GoF measure Class data input reference input dim
Kolmogorov-Smirnov KSTestGOF sample binned 1D
Two-Sample Kolmogorov-Smirnov KSTestTwoSampleGOF sample sample 1D
Two-Sample Anderson-Darling ADTestTwoSampleGOF sample sample 1D
Poisson Chi2 BinnedPoissonChi2GOF binned / sample binned nD
Chi2 BinnedChi2GOF binned / sample binned nD
Point-to-point PointToPointGOF sample sample nD

Installation and Set-Up

Clone the repository:

git clone https://github.com/XENONnT/GOFevaluation
cd GOFevaluation

Install the requirements in your environment:

pip install -r requirements.txt

Then install the package:

python setup.py install --user

You are now good to go!

Usage

Individual GoF Measures

Depending on your data and reference input you can initialise a gof_object in one of the following ways:

import GOFevaluation as ge

# Data Sample + Binned PDF
gof_object = ge.BinnedPoissonChi2GOF(data_sample, pdf, bin_edges, nevents_expected)

# Binned Data + Binned PDF
gof_object = ge.BinnedPoissonChi2GOF.from_binned(binned_data, binned_reference)

# Data Sample + Reference Sample
gof_object = ge.PointToPointGOF(data_sample, reference_sample)

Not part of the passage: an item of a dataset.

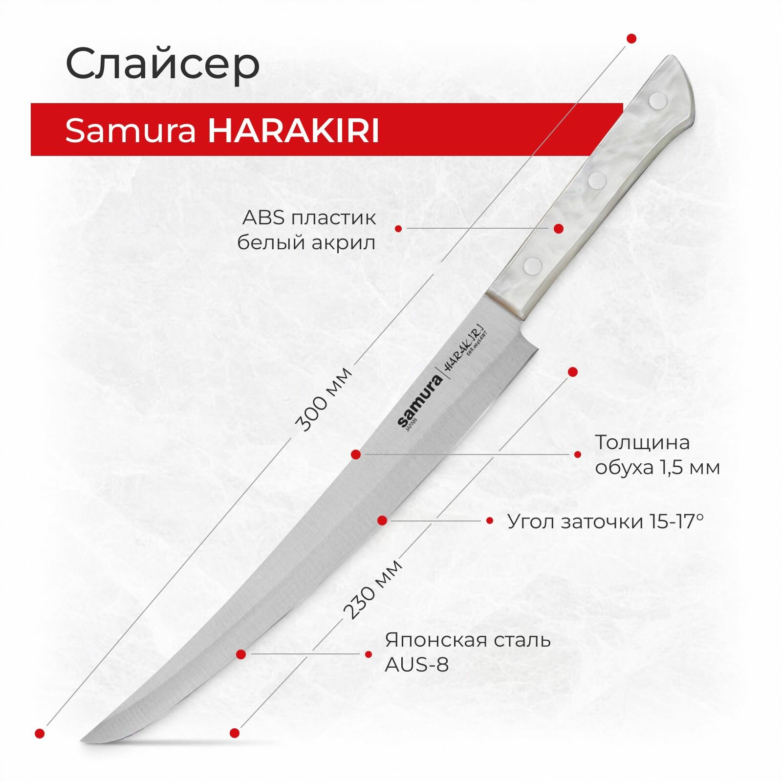 Нож кухонный поварской Samura Harakiri слайсер для нарезки профессиональный SHR-0045AW 1 840 ₽

With any gof_object you can calculate the GoF and the corresponding p-value as follows:

gof = gof_object.get_gof()
p_value = gof_object.get_pvalue()

Multiple GoF Measures at once

You can compute GoF and p-values for multiple measures at once with the GOFTest class.

Example:

import GOFevaluation as ge
import scipy.stats as sps

# random_state makes sure the gof values are reproducible.
# For the p-values, a slight variation is expected due to
# the random re-sampling method that is used.
data_sample = sps.uniform.rvs(size=100, random_state=200)
reference_sample = sps.uniform.rvs(size=300, random_state=201)

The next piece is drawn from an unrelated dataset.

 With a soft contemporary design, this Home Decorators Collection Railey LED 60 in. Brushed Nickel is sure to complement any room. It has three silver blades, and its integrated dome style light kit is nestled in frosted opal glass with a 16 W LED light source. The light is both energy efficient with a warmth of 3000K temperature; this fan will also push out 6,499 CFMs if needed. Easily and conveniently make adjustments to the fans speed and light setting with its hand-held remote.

# Initialise all two-sample GoF measures:
gof_object = ge.GOFTest(data_sample=data_sample, 
                        reference_sample=reference_sample,
                        gof_list=['ADTestTwoSampleGOF', 
                                  'KSTestTwoSampleGOF', 
                                  'PointToPointGOF'])
# Calculate GoFs and p-values:
d_min = 0.01
gof_object.get_gofs(d_min=d_min)
# OUTPUT:
# OrderedDict([('ADTestTwoSampleGOF', 1.6301454042304904),
#              ('KSTestTwoSampleGOF', 0.14),
#              ('PointToPointGOF', 0.00048491049630050576)])

gof_object.get_pvalues(d_min=d_min)
# OUTPUT:
# OrderedDict([('ADTestTwoSampleGOF', 0.08699999999999997),
#              ('KSTestTwoSampleGOF', 0.10699999999999998),
#              ('PointToPointGOF', 0.14300000000000002)])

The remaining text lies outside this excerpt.